Mergers with EU-wide significance — where combined worldwide turnover exceeds €5B and EU-wide turnover of each of at least two parties exceeds €250M — fall under the EU Merger Regulation and require notification to the European Commission before closing. Below those thresholds, member state competition authorities apply national merger control rules, which vary significantly across France, Germany, Spain, and other jurisdictions. GDPR governs the transfer of personal data in connection with due diligence and closing, requiring data processing agreements for any target customer or employee data shared with the acquirer.

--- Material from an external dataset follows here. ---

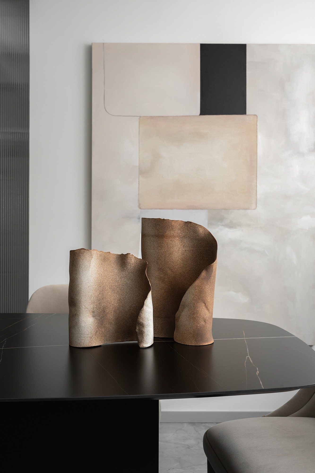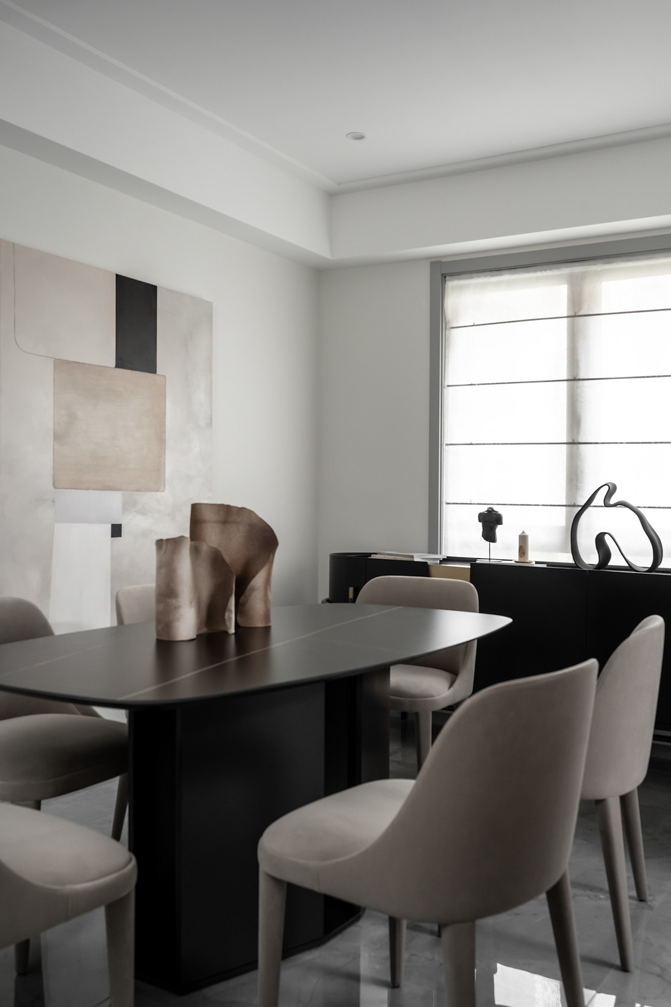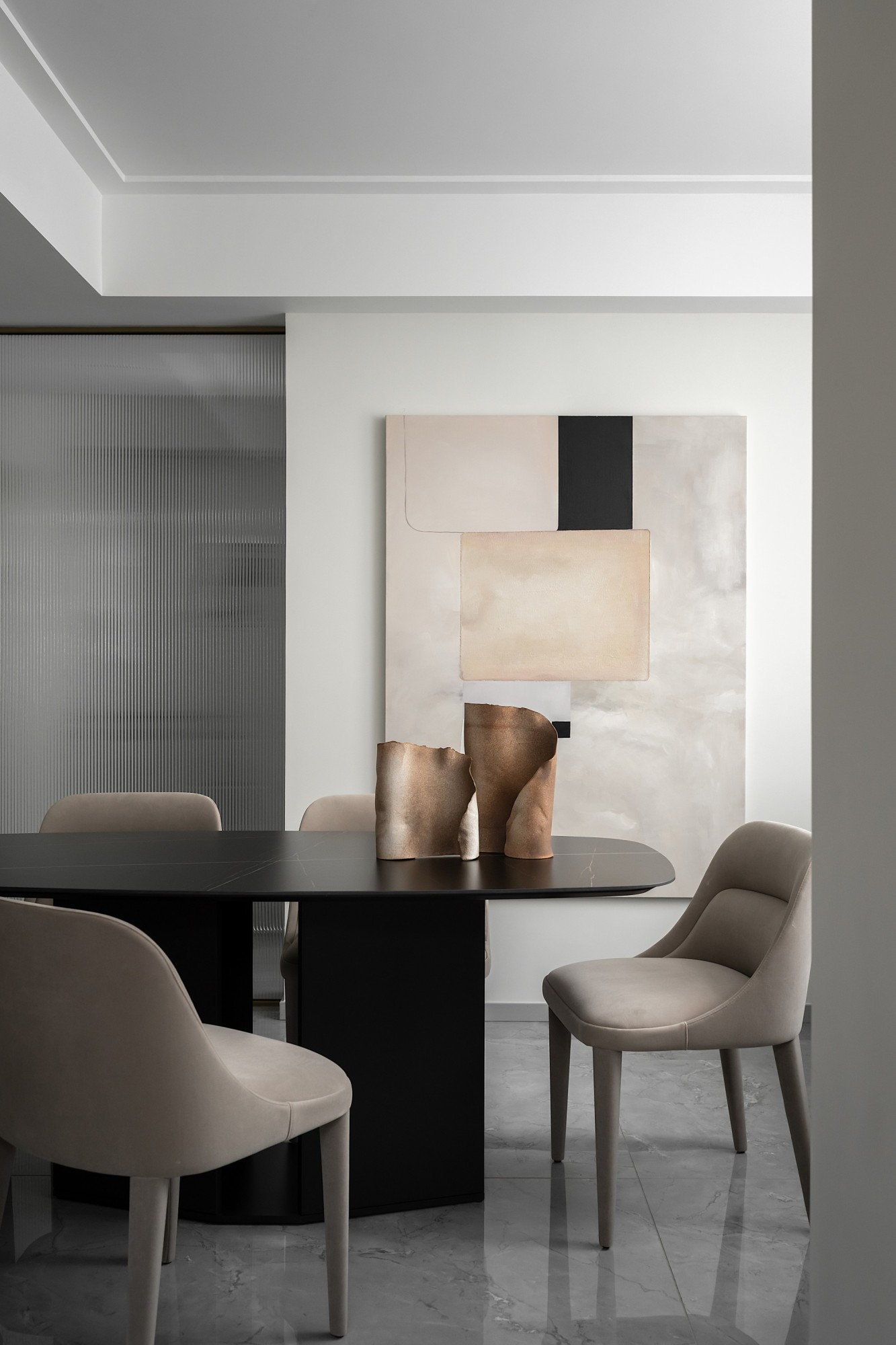 深色餐桌和浅米色餐椅形成明暗对比,餐椅的弧形靠背又柔化了深色的厚重感;墙面的拼贴装饰画,用不同肌理的米/灰/黑块,和餐桌的色调无缝衔接。

Template vs lawyer — what fits your deal?

PathBest forCostTime
Use the templateBusiness owners and executives familiarizing themselves with merger deal terms and structure before engaging legal counselFree1–2 hours to review and annotate
Template + legal reviewSmall to mid-market mergers under $5M in value with straightforward structures and limited regulatory exposure$5,000–$25,000 for M&A legal counsel review and negotiation4–8 weeks
Custom draftedTransactions above $5M, cross-border mergers, regulated industries, or deals requiring HSR filing, CFIUS review, or complex earn-out structures$25,000–$200,000+ depending on deal size and complexity2–6 months from engagement to closing

Glossary

Merger
A transaction in which two or more legal entities combine so that one or both cease to exist as separate entities, with assets and liabilities transferred to the surviving entity.
Surviving Entity
The legal entity that remains in existence after the merger is completed, absorbing the assets, liabilities, and obligations of the merged company.
Consideration
The payment or exchange — cash, stock, a combination of both, or other assets — that the acquiring company provides to the target company's shareholders in exchange for their interests.
Representations and Warranties
Factual statements made by each party about the state of their business, financials, legal compliance, and ownership as of the signing date, which survive closing for a defined period.
Closing Conditions
Specified requirements — such as regulatory approvals, shareholder votes, or the absence of material adverse changes — that must be satisfied before the merger can legally close.
Material Adverse Change (MAC)
A significant negative event or development affecting a party's business, finances, or prospects that gives the other party the right to terminate the agreement without penalty.
Indemnification
A contractual obligation by one party to compensate the other for losses arising from breaches of representations, warranties, or covenants discovered after closing.
Break-Up Fee
A predetermined cash payment owed by one party if the merger fails to close due to that party's breach, board reversal, or acceptance of a competing offer.
Earn-Out
A post-closing payment mechanism under which the seller receives additional consideration if the acquired business meets defined performance targets within a specified period.
Pre-Closing Covenant
An obligation binding on one or both parties between signing and closing — typically requiring the target to operate in the ordinary course of business and obtain necessary consents.
Definitive Agreement
The final, fully negotiated binding contract governing a merger or acquisition, as distinct from a non-binding letter of intent or term sheet.
Fiduciary Out
A clause permitting the target company's board to withdraw its merger recommendation and accept a superior competing offer without breaching the agreement, subject to notice and payment of a break-up fee.